PROVIDED DATA:
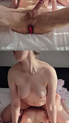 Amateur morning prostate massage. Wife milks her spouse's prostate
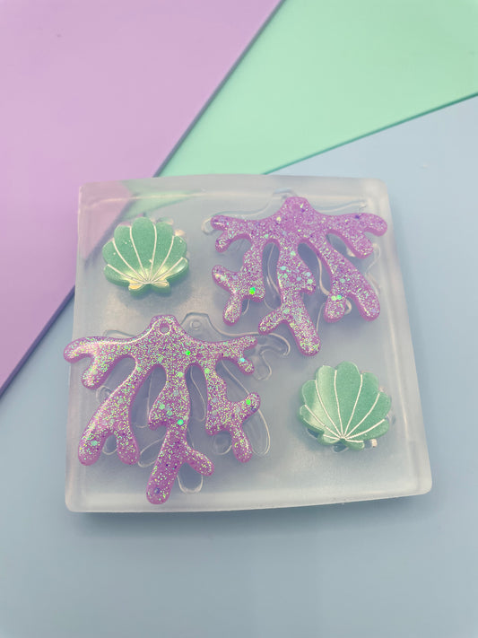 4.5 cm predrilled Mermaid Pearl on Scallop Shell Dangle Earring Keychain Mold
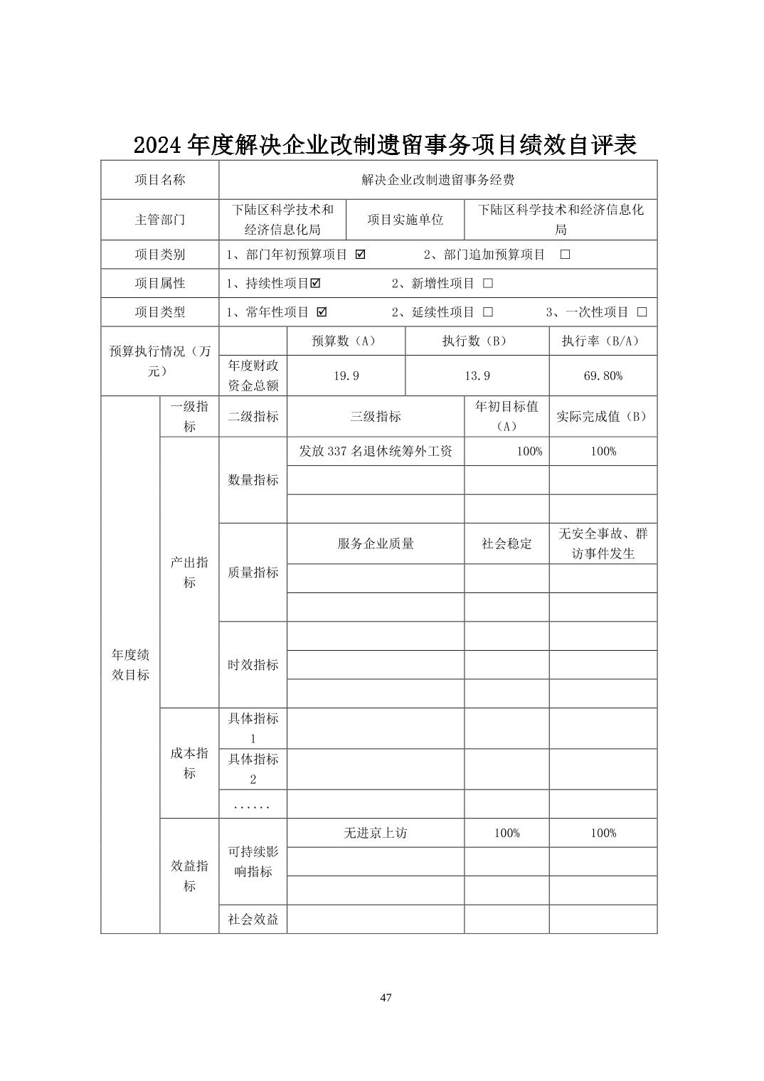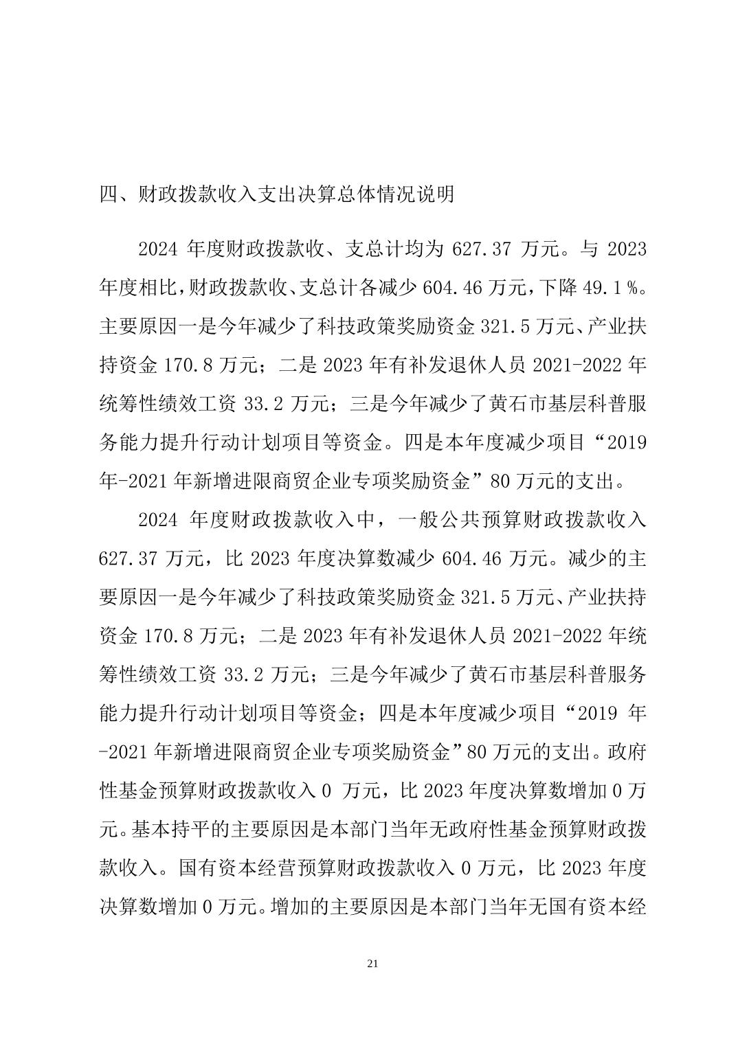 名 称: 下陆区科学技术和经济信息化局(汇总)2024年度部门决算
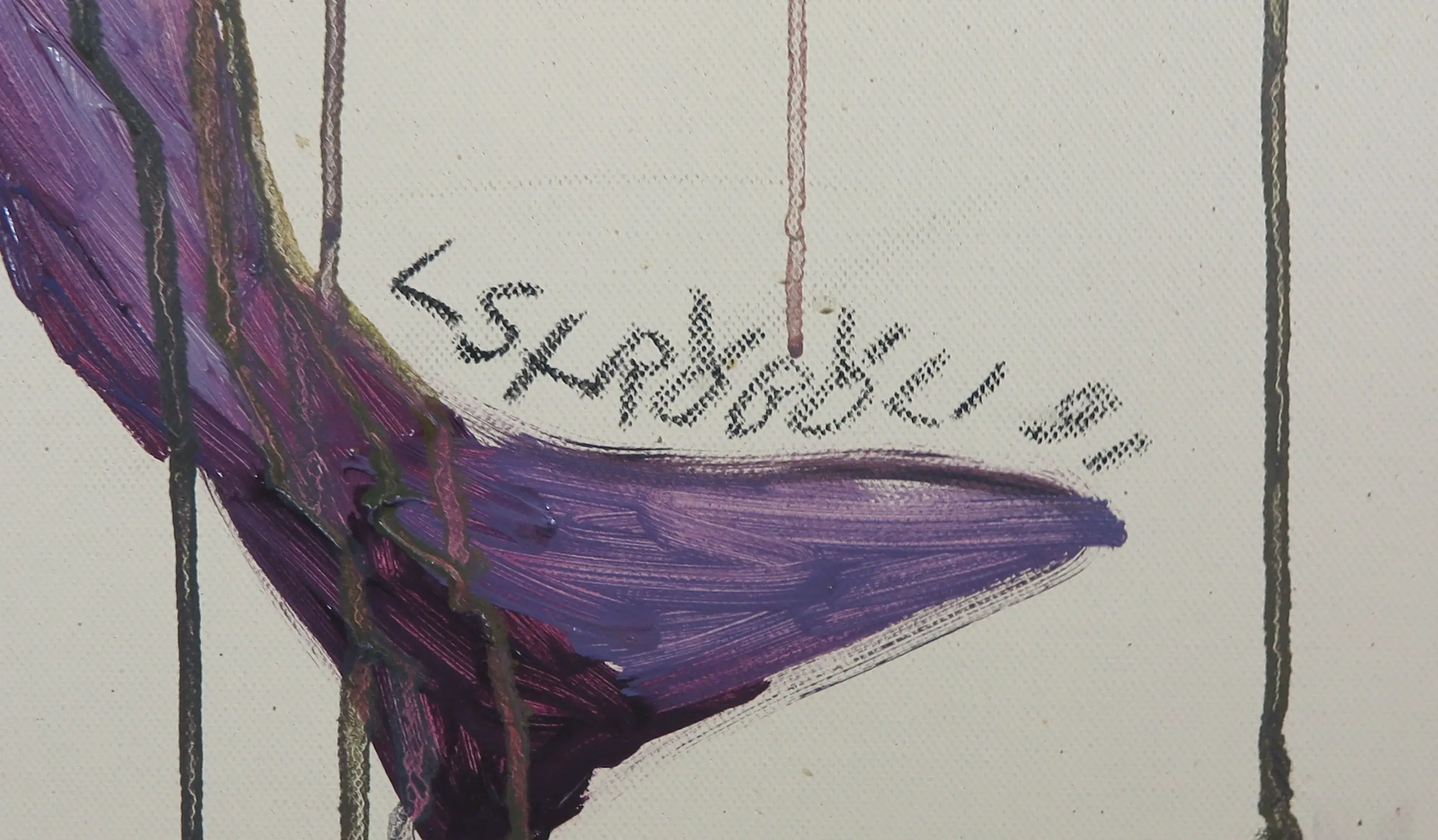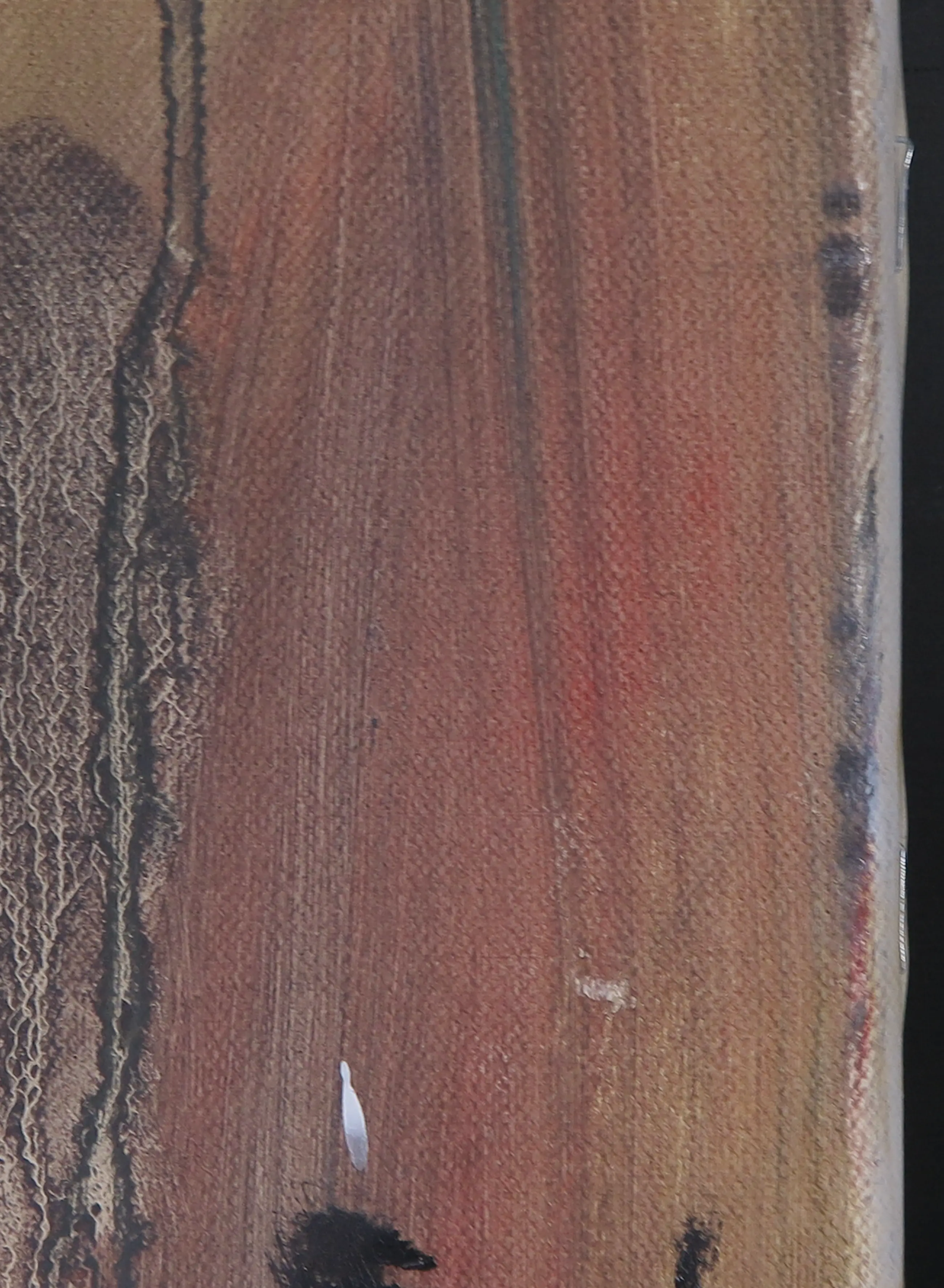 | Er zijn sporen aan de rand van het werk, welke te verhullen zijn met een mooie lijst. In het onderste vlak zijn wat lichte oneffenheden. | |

WORK ORDER:
The job is to set down the whole listing exactly, excluding any images.

SOLUTION TO THE EXERCISE:
 Amateur morning prostate massage. Wife milks her spouse's prostate
 4.5 cm predrilled Mermaid Pearl on Scallop Shell Dangle Earring Keychain Mold
 名 称: 下陆区科学技术和经济信息化局(汇总)2024年度部门决算
 | Er zijn sporen aan de rand van het werk, welke te verhullen zijn met een mooie lijst. In het onderste vlak zijn wat lichte oneffenheden. | |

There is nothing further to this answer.